Lu Yixin turned that thought over in her mind.
“I’ll go back first.” She finished the cocoa in her cup, stood up, and stuffed several of her family’s lunchboxes from the kitchen into her backpack.
“You’ve lost a lot of weight.” She slung the backpack over her shoulders, chattering as she put on her shoes. “If you get any thinner, I’ll call your brother.”
“I made sure to save his number last time.”
Standing by the open door, Lu Yixin held out her hand toward Fang Yongnian. “Do you have any trash you want me to take down?”
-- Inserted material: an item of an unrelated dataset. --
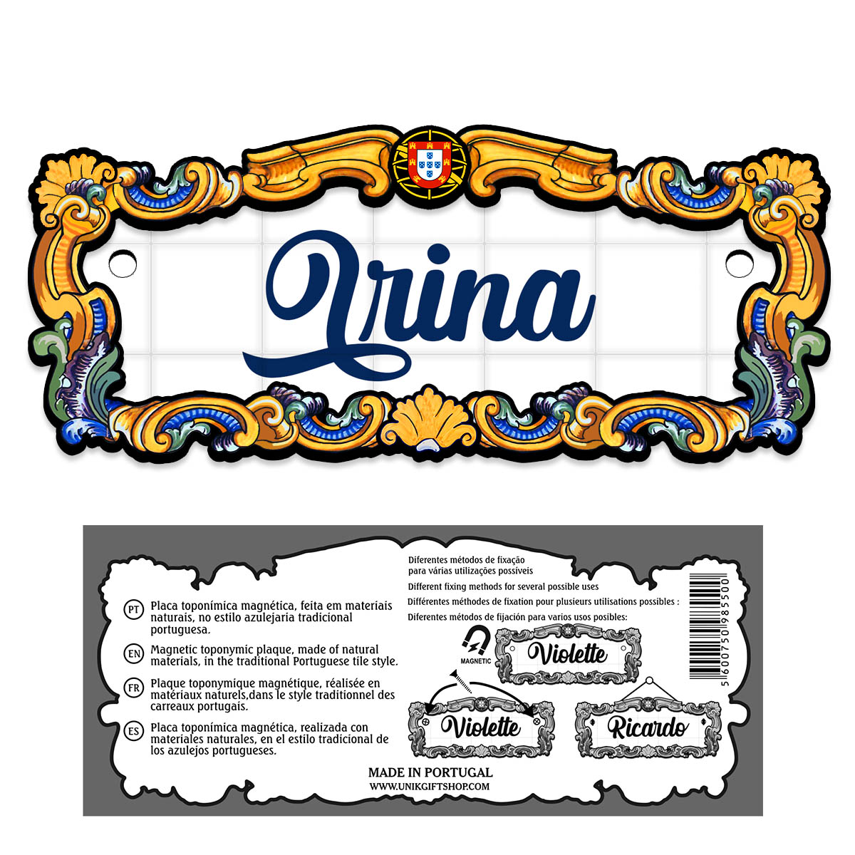 Magnetic toponymic plaque, made of natural materials, in the traditional Portuguese tile style, 14x6cm.

She stood there naturally, familiarly. Just like she did every time she came to his home.
Fang Yongnian felt that the string of words she had just spoken—those words that by logic had no standing but somehow made perfect sense—had almost convinced him.
If only the world were as simple as she thought.
If only she could stay that simple, forever.
___
Author’s note:
See? It’s sweet, right? The little girl—open, upright, and honest.
Fang Yongnian is actually very good to Lu Yixin, though for now, it’s still the kind of goodness that comes from being an elder.
As for why the misunderstanding lasted so many years, Lu Boyuan had long stopped investigating (which basically means he had accepted that it was Fang Yongnian’s doing). The accident Fang Yongnian went through was a major one; it took him two years just to adapt to his prosthesis and for his body to recover enough to handle it. Digging up something that happened two years ago is very difficult, which is why everything has dragged on for so long.
They won’t doubt each other for too long. They’re both good people, so the resolution will come quickly.